_WHAT IS EXPECTED_
Copy out the lines of the records below, and only those lines, from the one with "JR我孫子駅の第3ホーム(常" through the one with "查寝期间,老师们细致检查宿舍", exactly as they appear.

_MATERIAL FOR THIS EXERCISE_
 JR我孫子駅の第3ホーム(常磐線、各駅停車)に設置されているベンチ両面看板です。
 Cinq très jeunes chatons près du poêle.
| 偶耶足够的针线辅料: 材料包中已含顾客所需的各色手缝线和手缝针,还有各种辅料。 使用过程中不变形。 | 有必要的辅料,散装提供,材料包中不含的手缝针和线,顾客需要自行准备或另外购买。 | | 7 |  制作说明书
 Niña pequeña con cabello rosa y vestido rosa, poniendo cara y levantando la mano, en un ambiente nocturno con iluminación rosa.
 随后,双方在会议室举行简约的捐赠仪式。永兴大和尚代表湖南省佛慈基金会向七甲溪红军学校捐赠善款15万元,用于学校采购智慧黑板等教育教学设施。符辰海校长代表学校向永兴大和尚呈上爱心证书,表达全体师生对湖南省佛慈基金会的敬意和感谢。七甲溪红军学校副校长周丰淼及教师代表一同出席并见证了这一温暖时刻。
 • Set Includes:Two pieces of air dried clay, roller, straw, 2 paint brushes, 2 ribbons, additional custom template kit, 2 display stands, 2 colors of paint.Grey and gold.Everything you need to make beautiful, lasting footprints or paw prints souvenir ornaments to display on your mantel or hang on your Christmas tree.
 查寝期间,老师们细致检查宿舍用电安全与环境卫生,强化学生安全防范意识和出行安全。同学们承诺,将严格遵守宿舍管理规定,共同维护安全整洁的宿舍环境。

* * *

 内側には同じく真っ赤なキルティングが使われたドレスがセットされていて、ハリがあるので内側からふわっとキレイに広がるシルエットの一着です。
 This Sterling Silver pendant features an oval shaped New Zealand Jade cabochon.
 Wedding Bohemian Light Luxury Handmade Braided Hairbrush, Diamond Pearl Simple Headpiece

...

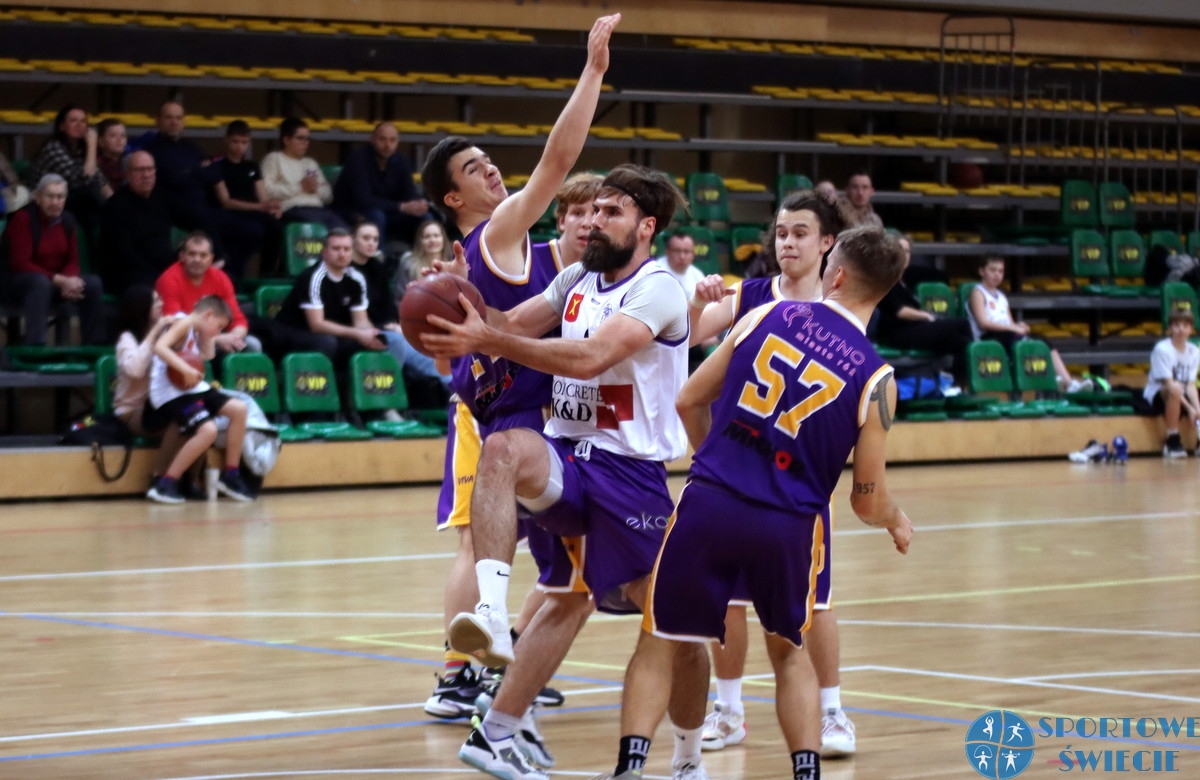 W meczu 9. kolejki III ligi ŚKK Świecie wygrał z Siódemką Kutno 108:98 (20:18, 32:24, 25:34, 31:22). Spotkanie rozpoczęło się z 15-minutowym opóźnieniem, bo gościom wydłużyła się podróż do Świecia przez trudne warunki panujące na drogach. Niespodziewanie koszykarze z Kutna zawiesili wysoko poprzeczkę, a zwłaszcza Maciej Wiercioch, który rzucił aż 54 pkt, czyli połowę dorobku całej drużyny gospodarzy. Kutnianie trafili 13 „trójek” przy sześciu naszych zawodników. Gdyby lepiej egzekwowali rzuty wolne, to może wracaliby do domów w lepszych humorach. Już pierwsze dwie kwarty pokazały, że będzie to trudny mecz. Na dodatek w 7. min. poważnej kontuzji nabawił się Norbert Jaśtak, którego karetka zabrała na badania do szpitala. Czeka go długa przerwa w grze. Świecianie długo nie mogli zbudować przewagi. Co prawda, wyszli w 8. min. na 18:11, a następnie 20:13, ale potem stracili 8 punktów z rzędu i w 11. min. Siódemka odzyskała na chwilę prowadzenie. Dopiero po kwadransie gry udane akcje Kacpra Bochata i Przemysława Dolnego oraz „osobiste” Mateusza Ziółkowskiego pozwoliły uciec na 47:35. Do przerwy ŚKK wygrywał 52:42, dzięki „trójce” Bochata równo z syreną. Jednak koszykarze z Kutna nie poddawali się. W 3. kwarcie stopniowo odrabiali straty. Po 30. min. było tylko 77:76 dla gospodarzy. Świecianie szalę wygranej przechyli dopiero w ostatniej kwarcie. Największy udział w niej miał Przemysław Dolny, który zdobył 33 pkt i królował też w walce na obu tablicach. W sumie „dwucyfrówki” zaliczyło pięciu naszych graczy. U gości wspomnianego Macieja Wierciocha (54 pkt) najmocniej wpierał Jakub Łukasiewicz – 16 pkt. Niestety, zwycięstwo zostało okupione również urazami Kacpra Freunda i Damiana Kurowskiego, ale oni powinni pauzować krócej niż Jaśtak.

_EXERCISE SOLUTION_
 JR我孫子駅の第3ホーム(常磐線、各駅停車)に設置されているベンチ両面看板です。
 Cinq très jeunes chatons près du poêle.
| 偶耶足够的针线辅料: 材料包中已含顾客所需的各色手缝线和手缝针,还有各种辅料。 使用过程中不变形。 | 有必要的辅料,散装提供,材料包中不含的手缝针和线,顾客需要自行准备或另外购买。 | | 7 |  制作说明书
 Niña pequeña con cabello rosa y vestido rosa, poniendo cara y levantando la mano, en un ambiente nocturno con iluminación rosa.
 随后,双方在会议室举行简约的捐赠仪式。永兴大和尚代表湖南省佛慈基金会向七甲溪红军学校捐赠善款15万元,用于学校采购智慧黑板等教育教学设施。符辰海校长代表学校向永兴大和尚呈上爱心证书,表达全体师生对湖南省佛慈基金会的敬意和感谢。七甲溪红军学校副校长周丰淼及教师代表一同出席并见证了这一温暖时刻。
 • Set Includes:Two pieces of air dried clay, roller, straw, 2 paint brushes, 2 ribbons, additional custom template kit, 2 display stands, 2 colors of paint.Grey and gold.Everything you need to make beautiful, lasting footprints or paw prints souvenir ornaments to display on your mantel or hang on your Christmas tree.
 查寝期间,老师们细致检查宿舍用电安全与环境卫生,强化学生安全防范意识和出行安全。同学们承诺,将严格遵守宿舍管理规定,共同维护安全整洁的宿舍环境。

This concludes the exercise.